-------- Data extract
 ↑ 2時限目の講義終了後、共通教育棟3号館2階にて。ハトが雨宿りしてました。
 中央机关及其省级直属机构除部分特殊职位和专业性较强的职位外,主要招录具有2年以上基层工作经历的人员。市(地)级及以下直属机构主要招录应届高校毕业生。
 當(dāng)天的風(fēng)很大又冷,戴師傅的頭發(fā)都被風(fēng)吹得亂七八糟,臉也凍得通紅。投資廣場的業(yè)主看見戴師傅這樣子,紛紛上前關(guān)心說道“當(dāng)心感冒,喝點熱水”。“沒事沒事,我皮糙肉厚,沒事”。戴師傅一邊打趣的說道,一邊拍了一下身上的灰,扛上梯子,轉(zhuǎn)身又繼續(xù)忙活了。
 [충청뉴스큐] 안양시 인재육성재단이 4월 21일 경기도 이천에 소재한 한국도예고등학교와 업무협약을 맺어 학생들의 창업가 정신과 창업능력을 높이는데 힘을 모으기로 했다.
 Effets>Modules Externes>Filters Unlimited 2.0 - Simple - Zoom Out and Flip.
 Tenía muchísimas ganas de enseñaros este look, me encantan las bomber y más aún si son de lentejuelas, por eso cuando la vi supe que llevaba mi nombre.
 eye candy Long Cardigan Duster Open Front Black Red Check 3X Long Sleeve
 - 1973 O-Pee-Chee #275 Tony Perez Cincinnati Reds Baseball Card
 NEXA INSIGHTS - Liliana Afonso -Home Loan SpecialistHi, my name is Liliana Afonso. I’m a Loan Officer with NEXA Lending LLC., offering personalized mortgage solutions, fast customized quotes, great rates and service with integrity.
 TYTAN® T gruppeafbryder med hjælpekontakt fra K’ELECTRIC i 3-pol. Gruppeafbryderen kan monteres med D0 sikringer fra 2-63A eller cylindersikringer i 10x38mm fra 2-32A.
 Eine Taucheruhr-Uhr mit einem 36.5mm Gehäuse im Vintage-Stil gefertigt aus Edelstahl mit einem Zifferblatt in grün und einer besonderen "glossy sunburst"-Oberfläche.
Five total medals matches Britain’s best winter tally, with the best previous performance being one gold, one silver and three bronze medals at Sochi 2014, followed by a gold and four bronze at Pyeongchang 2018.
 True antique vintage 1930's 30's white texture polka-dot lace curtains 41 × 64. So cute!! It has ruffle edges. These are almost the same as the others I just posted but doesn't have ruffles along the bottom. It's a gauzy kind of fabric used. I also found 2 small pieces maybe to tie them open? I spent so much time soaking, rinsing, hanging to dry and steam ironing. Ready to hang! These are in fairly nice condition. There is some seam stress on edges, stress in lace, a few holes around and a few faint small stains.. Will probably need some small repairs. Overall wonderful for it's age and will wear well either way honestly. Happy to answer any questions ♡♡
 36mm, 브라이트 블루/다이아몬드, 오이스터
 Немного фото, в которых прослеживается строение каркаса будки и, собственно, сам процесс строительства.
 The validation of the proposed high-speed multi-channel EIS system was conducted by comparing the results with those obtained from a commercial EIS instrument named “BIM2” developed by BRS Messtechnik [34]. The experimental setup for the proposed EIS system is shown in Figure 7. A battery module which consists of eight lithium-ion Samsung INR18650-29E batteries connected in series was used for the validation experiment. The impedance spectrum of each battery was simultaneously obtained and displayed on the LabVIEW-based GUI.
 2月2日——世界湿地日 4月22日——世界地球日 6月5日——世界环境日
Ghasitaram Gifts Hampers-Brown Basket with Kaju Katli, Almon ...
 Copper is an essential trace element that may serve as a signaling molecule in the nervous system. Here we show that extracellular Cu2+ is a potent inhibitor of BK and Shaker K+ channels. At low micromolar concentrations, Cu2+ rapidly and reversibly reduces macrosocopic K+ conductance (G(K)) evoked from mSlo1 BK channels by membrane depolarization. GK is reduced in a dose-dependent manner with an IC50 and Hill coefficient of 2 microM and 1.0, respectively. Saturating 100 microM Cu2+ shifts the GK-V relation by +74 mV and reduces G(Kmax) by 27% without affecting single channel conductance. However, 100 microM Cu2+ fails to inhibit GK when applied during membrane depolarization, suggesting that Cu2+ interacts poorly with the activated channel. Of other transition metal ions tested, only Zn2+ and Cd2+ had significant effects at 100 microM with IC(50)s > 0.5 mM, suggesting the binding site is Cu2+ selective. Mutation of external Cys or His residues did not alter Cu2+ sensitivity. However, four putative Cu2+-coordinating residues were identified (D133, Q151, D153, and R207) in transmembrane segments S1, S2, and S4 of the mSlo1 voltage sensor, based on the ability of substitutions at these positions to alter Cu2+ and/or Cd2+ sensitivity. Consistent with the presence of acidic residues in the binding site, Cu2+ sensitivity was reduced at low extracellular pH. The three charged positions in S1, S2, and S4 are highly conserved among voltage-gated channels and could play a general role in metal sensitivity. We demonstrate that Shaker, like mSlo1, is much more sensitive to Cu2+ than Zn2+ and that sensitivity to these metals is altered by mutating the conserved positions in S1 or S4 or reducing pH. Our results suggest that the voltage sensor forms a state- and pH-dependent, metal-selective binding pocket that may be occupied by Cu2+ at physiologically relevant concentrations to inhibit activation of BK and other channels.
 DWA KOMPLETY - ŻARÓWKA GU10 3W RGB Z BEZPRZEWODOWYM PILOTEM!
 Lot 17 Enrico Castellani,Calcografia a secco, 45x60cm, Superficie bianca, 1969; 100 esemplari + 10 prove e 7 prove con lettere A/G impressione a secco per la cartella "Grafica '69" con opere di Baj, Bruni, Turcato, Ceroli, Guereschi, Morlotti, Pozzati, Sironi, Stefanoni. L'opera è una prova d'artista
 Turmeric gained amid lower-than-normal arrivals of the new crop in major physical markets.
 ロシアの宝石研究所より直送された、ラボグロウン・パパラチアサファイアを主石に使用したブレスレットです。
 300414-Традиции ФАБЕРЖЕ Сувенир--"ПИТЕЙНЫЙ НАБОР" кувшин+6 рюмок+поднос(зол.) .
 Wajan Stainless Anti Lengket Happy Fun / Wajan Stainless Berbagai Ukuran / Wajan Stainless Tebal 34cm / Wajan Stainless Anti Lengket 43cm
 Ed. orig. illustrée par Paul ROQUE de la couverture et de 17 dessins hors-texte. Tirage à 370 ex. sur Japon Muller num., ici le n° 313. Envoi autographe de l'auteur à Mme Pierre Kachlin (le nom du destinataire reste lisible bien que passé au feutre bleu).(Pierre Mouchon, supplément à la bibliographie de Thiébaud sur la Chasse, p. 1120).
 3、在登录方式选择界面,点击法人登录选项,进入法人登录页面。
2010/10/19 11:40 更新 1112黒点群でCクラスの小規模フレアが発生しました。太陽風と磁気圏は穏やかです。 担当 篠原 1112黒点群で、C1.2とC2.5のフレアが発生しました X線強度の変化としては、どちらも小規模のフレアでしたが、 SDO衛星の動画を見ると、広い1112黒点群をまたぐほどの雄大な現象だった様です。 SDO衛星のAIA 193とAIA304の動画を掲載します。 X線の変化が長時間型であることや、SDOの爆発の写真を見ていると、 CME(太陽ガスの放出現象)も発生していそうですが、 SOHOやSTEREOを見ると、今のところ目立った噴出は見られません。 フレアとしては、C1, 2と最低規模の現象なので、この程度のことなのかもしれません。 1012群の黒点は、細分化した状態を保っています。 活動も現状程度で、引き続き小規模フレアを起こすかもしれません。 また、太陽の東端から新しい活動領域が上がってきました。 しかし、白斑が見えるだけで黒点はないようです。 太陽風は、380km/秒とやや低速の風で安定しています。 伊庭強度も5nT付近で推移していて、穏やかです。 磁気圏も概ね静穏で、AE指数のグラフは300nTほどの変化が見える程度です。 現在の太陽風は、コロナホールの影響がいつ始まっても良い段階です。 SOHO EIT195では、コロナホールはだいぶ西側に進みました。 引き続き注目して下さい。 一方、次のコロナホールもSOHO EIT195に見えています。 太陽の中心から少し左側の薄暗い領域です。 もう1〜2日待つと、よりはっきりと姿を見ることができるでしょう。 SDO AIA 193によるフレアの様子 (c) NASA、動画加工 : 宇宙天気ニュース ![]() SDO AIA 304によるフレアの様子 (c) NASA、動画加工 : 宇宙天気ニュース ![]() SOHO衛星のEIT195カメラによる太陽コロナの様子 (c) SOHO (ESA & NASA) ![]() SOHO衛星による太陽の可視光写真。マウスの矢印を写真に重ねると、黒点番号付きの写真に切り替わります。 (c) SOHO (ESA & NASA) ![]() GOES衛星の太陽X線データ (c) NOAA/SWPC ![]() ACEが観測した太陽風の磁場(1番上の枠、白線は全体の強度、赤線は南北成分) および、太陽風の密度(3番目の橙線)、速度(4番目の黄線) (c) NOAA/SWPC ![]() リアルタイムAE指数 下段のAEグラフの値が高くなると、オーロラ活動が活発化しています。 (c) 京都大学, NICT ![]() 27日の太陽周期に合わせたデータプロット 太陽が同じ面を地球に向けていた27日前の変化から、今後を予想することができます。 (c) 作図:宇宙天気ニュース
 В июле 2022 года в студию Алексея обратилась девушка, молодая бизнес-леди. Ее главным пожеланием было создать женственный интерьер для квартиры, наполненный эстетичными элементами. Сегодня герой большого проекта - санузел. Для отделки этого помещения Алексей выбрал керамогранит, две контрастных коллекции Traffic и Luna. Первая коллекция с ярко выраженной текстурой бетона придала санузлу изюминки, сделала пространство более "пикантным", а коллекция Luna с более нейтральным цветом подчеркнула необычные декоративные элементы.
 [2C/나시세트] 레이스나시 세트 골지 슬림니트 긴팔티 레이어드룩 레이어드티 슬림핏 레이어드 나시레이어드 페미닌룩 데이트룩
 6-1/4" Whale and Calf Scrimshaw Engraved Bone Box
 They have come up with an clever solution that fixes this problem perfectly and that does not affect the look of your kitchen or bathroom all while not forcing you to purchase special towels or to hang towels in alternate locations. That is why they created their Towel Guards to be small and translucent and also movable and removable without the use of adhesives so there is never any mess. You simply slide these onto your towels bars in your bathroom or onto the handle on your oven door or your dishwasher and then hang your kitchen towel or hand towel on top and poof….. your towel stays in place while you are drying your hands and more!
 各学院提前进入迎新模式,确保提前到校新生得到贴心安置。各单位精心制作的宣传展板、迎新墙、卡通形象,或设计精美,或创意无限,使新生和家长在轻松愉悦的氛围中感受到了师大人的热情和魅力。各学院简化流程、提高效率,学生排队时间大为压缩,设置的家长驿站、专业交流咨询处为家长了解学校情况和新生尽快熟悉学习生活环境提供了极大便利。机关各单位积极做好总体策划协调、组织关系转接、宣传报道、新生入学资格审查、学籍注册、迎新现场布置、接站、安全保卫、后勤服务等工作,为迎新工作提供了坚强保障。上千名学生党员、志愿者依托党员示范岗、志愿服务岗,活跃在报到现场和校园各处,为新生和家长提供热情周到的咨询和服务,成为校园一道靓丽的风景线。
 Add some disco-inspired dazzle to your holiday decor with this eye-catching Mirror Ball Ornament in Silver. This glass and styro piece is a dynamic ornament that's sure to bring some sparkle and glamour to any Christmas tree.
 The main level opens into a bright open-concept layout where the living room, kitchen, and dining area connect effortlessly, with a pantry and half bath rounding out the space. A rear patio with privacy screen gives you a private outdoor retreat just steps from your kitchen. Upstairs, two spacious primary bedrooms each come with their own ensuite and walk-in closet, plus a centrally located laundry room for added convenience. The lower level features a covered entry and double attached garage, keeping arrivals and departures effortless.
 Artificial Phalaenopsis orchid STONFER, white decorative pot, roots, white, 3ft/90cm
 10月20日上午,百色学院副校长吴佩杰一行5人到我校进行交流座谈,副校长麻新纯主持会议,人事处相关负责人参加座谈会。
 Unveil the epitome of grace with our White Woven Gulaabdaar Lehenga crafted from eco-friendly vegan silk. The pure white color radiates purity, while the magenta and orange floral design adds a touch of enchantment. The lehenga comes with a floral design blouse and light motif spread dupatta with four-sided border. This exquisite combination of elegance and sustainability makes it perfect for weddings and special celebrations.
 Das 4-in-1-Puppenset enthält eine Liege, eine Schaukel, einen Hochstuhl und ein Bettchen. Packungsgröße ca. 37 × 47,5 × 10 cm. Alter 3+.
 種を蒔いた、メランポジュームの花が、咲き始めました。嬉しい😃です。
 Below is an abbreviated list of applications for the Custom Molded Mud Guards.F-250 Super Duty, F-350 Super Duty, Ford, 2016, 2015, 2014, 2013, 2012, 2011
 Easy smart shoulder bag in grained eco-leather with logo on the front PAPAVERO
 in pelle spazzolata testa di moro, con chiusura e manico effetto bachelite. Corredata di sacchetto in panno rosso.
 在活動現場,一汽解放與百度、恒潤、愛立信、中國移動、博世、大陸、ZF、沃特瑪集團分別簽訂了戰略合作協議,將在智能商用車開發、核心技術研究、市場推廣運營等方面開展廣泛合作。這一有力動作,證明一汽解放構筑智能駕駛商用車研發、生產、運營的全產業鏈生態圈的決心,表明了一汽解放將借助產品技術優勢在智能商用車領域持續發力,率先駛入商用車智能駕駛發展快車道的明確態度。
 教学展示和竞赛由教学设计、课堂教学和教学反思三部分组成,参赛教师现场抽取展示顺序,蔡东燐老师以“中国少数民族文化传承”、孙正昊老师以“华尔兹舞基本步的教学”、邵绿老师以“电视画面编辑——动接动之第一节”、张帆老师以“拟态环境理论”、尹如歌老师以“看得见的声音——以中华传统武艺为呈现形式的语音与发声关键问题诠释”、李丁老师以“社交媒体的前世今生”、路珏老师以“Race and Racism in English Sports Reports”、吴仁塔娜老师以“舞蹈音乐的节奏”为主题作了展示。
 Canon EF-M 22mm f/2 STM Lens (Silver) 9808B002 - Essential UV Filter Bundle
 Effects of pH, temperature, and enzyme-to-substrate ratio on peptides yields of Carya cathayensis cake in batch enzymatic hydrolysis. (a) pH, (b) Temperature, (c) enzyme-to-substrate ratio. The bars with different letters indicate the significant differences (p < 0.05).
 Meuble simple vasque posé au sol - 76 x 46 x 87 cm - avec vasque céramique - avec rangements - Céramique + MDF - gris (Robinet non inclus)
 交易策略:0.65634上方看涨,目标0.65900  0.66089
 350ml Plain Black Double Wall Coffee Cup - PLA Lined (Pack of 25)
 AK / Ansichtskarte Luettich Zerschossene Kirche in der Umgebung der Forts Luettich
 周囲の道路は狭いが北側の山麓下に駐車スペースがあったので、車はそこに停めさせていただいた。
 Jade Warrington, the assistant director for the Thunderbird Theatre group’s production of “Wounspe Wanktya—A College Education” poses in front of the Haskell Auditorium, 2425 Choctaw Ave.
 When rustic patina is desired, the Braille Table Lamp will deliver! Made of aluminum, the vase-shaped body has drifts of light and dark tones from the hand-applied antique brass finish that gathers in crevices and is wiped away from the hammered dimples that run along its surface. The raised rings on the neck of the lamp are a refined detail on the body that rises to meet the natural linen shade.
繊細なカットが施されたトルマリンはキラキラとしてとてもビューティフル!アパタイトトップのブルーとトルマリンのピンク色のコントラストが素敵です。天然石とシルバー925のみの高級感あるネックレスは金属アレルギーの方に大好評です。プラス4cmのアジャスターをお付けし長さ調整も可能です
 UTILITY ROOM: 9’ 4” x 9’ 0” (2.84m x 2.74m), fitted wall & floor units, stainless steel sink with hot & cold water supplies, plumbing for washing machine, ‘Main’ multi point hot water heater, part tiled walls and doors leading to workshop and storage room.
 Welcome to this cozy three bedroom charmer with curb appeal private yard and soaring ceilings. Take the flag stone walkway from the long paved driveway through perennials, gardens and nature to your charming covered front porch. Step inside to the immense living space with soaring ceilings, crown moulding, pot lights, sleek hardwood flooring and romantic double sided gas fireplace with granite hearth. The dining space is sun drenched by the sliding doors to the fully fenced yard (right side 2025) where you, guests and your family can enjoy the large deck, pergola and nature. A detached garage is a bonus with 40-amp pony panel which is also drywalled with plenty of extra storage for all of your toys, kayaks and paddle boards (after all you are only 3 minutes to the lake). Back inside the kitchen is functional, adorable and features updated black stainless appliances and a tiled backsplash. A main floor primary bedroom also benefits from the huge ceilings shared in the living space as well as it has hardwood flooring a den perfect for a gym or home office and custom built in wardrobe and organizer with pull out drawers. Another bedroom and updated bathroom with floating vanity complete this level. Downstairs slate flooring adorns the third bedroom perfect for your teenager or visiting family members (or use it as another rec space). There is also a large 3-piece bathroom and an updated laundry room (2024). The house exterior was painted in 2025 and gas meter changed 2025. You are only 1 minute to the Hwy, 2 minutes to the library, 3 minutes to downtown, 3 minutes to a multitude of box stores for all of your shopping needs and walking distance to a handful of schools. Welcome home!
----------------
• **Problem**
Would you please copy exactly the part of the entries above that begins at the line containing "eye candy Long" and ends at the line containing "Eine Taucheruhr-Uhr mit", both lines included?

• **Response to the task**
 eye candy Long Cardigan Duster Open Front Black Red Check 3X Long Sleeve
 - 1973 O-Pee-Chee #275 Tony Perez Cincinnati Reds Baseball Card
 NEXA INSIGHTS - Liliana Afonso -Home Loan SpecialistHi, my name is Liliana Afonso. I’m a Loan Officer with NEXA Lending LLC., offering personalized mortgage solutions, fast customized quotes, great rates and service with integrity.
 TYTAN® T gruppeafbryder med hjælpekontakt fra K’ELECTRIC i 3-pol. Gruppeafbryderen kan monteres med D0 sikringer fra 2-63A eller cylindersikringer i 10x38mm fra 2-32A.
 Eine Taucheruhr-Uhr mit einem 36.5mm Gehäuse im Vintage-Stil gefertigt aus Edelstahl mit einem Zifferblatt in grün und einer besonderen "glossy sunburst"-Oberfläche.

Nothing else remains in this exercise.